● **REQUIRED ACTION**:
Could you print exactly the lines of the listing below, starting at the line that has "Raw fresh lamb" and ending at the line that has "本网讯 为深入学习贯彻习近平", and only those lines?

● **RECORDS SHOWN**:

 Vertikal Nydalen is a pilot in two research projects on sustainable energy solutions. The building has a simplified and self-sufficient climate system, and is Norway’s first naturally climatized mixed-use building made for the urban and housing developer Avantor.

---

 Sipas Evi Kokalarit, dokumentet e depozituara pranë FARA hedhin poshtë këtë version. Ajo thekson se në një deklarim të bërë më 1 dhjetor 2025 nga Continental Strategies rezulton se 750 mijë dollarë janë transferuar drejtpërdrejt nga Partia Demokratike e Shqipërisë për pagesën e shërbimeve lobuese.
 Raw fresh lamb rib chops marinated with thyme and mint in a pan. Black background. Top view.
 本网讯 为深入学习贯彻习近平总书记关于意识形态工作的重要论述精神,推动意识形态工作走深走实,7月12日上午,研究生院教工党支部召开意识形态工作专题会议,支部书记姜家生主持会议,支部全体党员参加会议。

● **SOLUTION FOR THIS PROBLEM**:
 Raw fresh lamb rib chops marinated with thyme and mint in a pan. Black background. Top view.
 本网讯 为深入学习贯彻习近平总书记关于意识形态工作的重要论述精神,推动意识形态工作走深走实,7月12日上午,研究生院教工党支部召开意识形态工作专题会议,支部书记姜家生主持会议,支部全体党员参加会议。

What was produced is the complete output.